The respondents' counsel has raised the preliminary objection, that the order in question is not appealable. This objection is not well founded. The decisions cited by the counsel, apparently sustaining it, were made in cases decided prior to the amendment of the Code, made in May, 1870, by chapter 741 of the Laws of that year. That enlarged the class of appealable orders so as to include the one in question, and it was held by a majority of the court, in Leland v. Hathorn (42 N.Y. Rep., 457), to apply to an appeal from an order not previously appealable, pending when that amendment took effect. The running heading in the report would indicate that that case was decided at the March term. It was, in fact, submitted to the court at that term, but was not decided until the following June term, and the amendment was passed intermediate the submission and decision.
Assuming, then, that the appeal must, under that decision, be retained, an examination into the merits of the order appealed from is necessary.
It appears by the affidavit of one of the plaintiffs, on which the attachment was issued, that this action was commenced to recover the amount claimed to be due to the plaintiffs for goods sold by them to the defendants on a credit of three months, which had expired, and that after this credit expired the plaintiffs took a note of the defendants for that indebtedness, endorsed by Elizabeth L. North, dated February 6th, 1867, payable sixty days after its date.
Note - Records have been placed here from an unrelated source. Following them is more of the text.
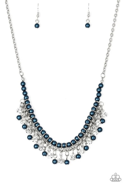 Infused with silver chain, blue pearls are threaded along an invisible wire below the collar. Matching blue pearls and glittery white rhinestones swing from the pearly strand, creating a flirtatious fringe below the collar. Features an adjustable clasp closure.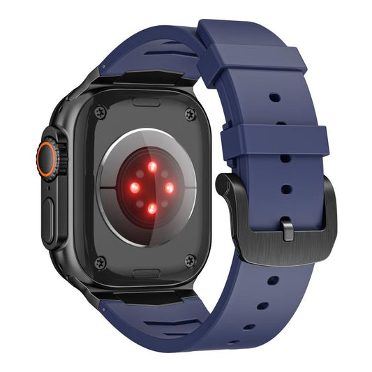 For Apple Watch Ultra / Ultra 2 49mm Stainless Steel Buckle Fluororubber Watch Band(Blue Black)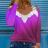 Модный кружевной пуловер с V-образным вырезом, длинный рукав, градиентный принт, повседневная футболка

This note was outstanding, and had not matured when the attachment was issued (which was on the 22d day of March, 1867). The plaintiffs, however, in that affidavit claimed the note to be inoperative and void by reason of false representations alleged to have been made in relation to the means and responsibility of the endorser; but the statements in reference to such representations are made on information derived from the agent, who took the note for the plaintiffs, and by whom the negotiation for the taking thereof was conducted, without the production of an affidavit by the agent himself or any other affidavit of such representations. *Page 273
This was not sufficient to justify the plaintiffs in repudiating the note and having recourse to the original cause of action. As the note had not matured at the time of the commencement of the action and the issuing of the attachment, no cause of action existed against the defendants.
It follows that the attachment was improperly issued, and that was one of the grounds stated in the notice of motion for setting aside and vacating the attachment.
It is claimed, however, on behalf of the plaintiffs, that they had a right, in opposing the motion of the defendants, to read supplemental affidavits to sustain the attachment and remedy the defects in the affidavits on which it was originally issued. This claim is based on the fact that the motion was in part founded on an affidavit read on behalf of the defendants. That affidavit did not deny or contradict any of the allegations on which the attachment was issued. It stated that the indorser of the note was the wife of one of the defendants, that the agent who negotiated for and took it, knew that fact, and the other allegations therein tended to show that her separate estate was not bound or charged by reason of her indorsement.
The court, on the objection taken on behalf of the defendants, refused to receive such affidavits.
I find no statutory provision, and none has been referred to on the appellants' points, allowing the plaintiffs the right claimed by them.
There was an amendment of section 241 of the Code made in 1857, providing that "in all cases the defendant may move todischarge an attachment, as in the case of other provisional remedies, and the right is given in cases of orders of arrest by sections 204 and 205, and in cases of injunction order by sections 225 and 226, to apply on motion to vacate the same; and it is further provided therein, that if the motion or application be made upon affidavits on the part of the defendants, but not otherwise, the plaintiffs may opppose the same by affidavits or other proofs in addition to those on which the order of arrest or injunction was granted, but I find no such provision in reference to attachments. *Page 274
But assuming that the right to read affidavits in opposing a motion to discharge an attachment exists, they are admissible only to contradict, answer or explain those read on behalf of the defendant.
The views expressed by Judge LEONARD on the rule of practice in such cases, meet my approval. It follows that there is no ground for the reversal of the order appealed from. It must, therefore, be affirmed, with costs.